• _Required work_:
When you reach the line in the data below that contains "customer tabsΕπικοινωνίαΟδοντίατροιΥγείαΛεωφόρος Ελ.", please start repeating lines exactly, and stop after the line that contains "Greta & Ro hang", repeating nothing else.

*** Opening of Given data ***

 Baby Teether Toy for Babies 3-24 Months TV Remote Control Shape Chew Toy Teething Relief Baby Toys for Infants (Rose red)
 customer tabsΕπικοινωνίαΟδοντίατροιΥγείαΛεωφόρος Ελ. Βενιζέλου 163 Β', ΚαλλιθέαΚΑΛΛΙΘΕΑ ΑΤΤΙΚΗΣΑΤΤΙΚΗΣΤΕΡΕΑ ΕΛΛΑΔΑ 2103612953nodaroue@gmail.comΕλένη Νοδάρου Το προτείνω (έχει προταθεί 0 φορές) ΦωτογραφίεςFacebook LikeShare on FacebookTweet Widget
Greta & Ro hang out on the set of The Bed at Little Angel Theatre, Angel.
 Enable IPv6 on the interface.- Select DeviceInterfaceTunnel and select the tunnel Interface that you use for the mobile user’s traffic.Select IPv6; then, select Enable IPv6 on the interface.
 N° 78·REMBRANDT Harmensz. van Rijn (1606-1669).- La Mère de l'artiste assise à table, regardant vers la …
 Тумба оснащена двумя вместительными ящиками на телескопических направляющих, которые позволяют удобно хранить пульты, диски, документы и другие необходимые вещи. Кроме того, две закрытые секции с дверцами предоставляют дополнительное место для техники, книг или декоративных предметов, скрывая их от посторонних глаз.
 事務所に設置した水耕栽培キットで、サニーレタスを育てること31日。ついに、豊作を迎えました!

*** Close of Given data ***
*** Opening of Given data ***

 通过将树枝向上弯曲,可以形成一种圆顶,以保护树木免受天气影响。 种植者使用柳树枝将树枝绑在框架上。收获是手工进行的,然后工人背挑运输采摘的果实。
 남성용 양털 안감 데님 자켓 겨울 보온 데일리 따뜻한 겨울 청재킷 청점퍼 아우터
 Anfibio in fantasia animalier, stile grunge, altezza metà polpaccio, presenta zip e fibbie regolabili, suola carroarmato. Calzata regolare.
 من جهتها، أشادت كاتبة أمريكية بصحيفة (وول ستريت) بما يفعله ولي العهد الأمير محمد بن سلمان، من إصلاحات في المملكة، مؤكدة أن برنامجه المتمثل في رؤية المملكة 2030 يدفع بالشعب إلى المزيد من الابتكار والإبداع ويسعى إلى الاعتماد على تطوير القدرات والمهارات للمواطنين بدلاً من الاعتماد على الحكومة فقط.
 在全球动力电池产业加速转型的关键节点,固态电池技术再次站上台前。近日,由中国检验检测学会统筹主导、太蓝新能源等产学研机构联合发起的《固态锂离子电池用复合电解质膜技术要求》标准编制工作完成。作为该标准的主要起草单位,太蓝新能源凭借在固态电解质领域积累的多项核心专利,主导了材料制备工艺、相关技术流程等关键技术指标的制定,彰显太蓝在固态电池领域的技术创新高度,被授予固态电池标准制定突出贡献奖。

*** Close of Given data ***
*** Opening of Given data ***

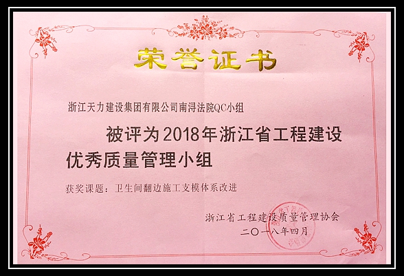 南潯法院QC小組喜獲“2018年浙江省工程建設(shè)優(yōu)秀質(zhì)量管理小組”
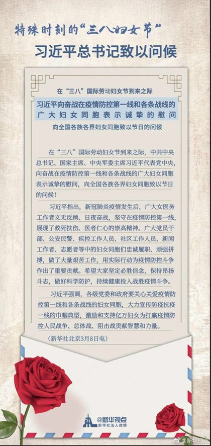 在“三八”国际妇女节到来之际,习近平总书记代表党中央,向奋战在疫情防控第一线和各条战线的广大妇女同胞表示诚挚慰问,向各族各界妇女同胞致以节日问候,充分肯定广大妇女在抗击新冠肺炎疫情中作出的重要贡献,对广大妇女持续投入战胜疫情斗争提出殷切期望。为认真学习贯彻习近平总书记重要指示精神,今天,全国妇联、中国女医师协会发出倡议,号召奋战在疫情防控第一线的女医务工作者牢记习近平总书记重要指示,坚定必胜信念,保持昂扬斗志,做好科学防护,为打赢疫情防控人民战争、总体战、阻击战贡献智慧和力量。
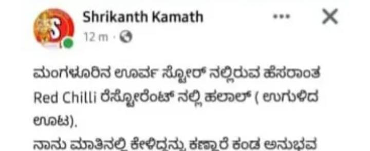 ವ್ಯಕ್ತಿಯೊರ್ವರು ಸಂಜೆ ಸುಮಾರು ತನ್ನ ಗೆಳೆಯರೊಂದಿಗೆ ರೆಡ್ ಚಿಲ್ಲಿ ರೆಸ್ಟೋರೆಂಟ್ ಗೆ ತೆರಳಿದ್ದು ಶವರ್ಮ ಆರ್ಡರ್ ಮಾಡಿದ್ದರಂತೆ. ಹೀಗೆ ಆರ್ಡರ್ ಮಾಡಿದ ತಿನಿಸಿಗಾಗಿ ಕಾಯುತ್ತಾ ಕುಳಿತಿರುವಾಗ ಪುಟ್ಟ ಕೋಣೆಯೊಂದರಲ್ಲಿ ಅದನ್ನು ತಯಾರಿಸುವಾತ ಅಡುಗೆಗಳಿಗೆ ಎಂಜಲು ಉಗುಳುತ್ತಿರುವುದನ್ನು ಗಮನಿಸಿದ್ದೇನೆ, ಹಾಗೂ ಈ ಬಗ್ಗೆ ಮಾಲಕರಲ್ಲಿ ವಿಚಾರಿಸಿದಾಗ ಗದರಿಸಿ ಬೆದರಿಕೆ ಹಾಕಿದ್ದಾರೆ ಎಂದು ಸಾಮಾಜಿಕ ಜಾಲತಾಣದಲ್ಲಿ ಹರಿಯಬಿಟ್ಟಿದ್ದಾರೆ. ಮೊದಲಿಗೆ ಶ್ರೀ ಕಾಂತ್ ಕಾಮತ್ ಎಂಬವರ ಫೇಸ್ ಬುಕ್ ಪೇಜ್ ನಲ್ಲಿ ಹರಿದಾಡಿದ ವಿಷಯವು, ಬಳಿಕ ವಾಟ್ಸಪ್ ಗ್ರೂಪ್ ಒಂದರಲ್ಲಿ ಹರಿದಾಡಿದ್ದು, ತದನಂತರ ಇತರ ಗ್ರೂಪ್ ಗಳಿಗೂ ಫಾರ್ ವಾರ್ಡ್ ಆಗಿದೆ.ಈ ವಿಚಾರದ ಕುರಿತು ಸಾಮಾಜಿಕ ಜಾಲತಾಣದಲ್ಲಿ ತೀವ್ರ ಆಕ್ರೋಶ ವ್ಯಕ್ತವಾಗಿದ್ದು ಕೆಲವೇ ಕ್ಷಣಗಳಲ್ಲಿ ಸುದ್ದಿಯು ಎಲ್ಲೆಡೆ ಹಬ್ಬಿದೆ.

*** Close of Given data ***

• _Result of this task_:
 customer tabsΕπικοινωνίαΟδοντίατροιΥγείαΛεωφόρος Ελ. Βενιζέλου 163 Β', ΚαλλιθέαΚΑΛΛΙΘΕΑ ΑΤΤΙΚΗΣΑΤΤΙΚΗΣΤΕΡΕΑ ΕΛΛΑΔΑ 2103612953nodaroue@gmail.comΕλένη Νοδάρου Το προτείνω (έχει προταθεί 0 φορές) ΦωτογραφίεςFacebook LikeShare on FacebookTweet Widget
Greta & Ro hang out on the set of The Bed at Little Angel Theatre, Angel.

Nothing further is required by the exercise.